▸ **ASSIGNED TASK**: Using the listing below, copy exactly each line from the one that has "Mitchell Gold Chester" through the one that has "BVP150 220 240W 200W SWB CE LED170 NW"; omit the pictures.

▸ **INFORMATION PROVIDED**:

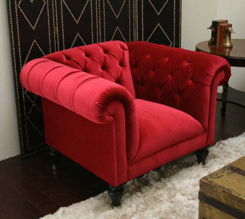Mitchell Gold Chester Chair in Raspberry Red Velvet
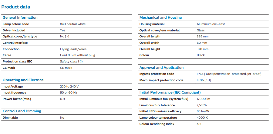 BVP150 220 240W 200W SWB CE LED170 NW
---
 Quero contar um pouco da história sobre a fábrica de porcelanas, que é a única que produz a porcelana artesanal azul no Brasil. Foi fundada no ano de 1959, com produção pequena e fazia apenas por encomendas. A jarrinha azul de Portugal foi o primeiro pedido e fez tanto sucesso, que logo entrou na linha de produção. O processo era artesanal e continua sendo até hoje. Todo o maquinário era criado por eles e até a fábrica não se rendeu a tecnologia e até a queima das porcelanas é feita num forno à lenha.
---
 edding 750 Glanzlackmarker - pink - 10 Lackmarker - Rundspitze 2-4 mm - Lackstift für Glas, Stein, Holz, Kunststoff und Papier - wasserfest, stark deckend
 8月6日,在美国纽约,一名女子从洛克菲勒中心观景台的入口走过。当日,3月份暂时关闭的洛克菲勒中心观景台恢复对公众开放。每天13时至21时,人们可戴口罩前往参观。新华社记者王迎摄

▸ **TASK ANSWER**:
Mitchell Gold Chester Chair in Raspberry Red Velvet
 BVP150 220 240W 200W SWB CE LED170 NW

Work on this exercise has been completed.